India will also pay $1 million to the SAARC forestry centre in Bhutan and another $1 million to the SAARC coastal zone management centre in the Maldives, India’s Environment Minister Jairam Ramesh announced at the end of the two-day meeting.
The eight countries that form the South Asian Association for Regional Cooperation (SAARC) — Afghanistan, Bangladesh, Bhutan, India, Maldives, Nepal, Pakistan and Sri Lanka — also decided they would form a bloc at the Copenhagen climate summit this December to make a statement and hold an event there “to highlight our vulnerabilities to climate change and the actions we are taking”, Ramesh said.
The south Asian countries would hold an annual workshop on actions to fight climate change, the minister added, saying the first workshop would be held here in February or March next year.
The countries would finalise a regional environment protection treaty for adoption at the next SAARC summit in Thimphu next April, he added, pointing out that climate change would be the theme of the summit.
A “rapid response mechanism” to natural disasters would also be finalised and adopted at the summit.
Ramesh said river management, pollution control and transborder biodiversity conservation would be three areas of cooperation among SAARC countries.
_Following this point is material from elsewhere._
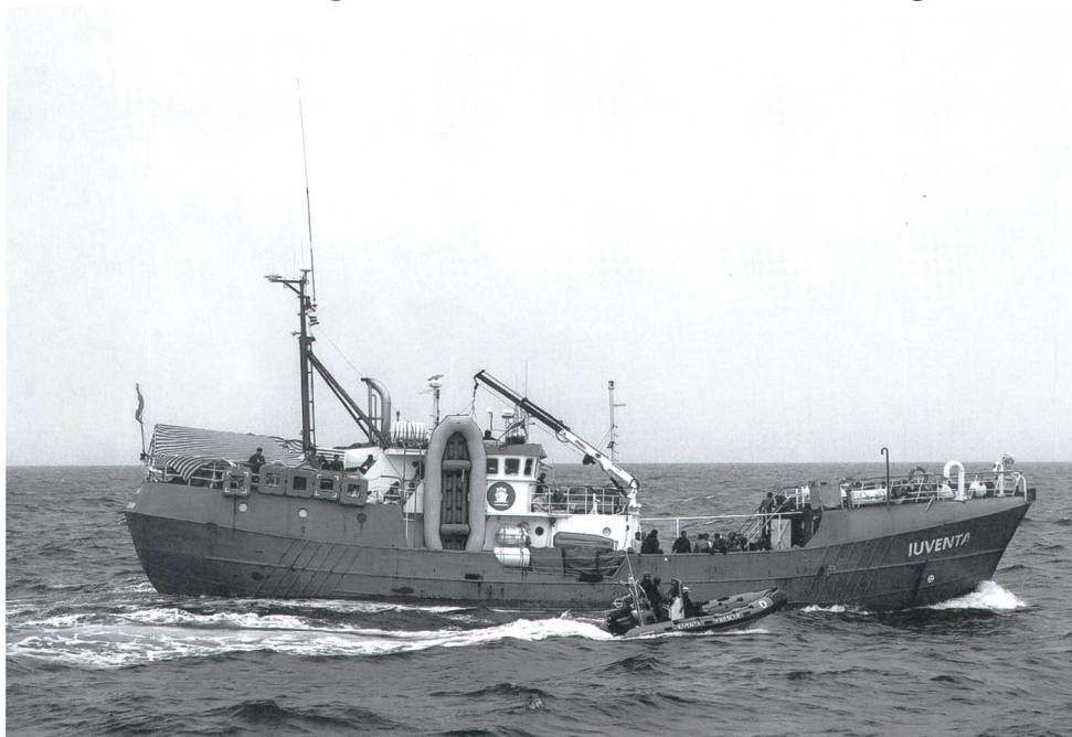
Das Rettungsschiff Iuventa im Mittelmeer.

«Wenn Menschen in Not sind, ist nicht die Hilfe kriminell, sondern die Passivität.» Das schreibt die Paul Grüninger Stiftung und zeichnet mit ihrem Hauptpreis die Crew des Rettungsschiffs Iuventa aus. Preisverleihung ist im Mai in St.Gallen.

However, there is still no agreement between various countries having common rivers on sharing any water flow data.
The meeting adopted a “Delhi Statement” on cooperation in environment, though Bangladesh’s Minister for Environment and Forests Hasan Mahmud told Inditop the statement had not been discussed by the ministers. Environment ministers of seven SAARC countries and the environment secretary of Pakistan attended the meeting.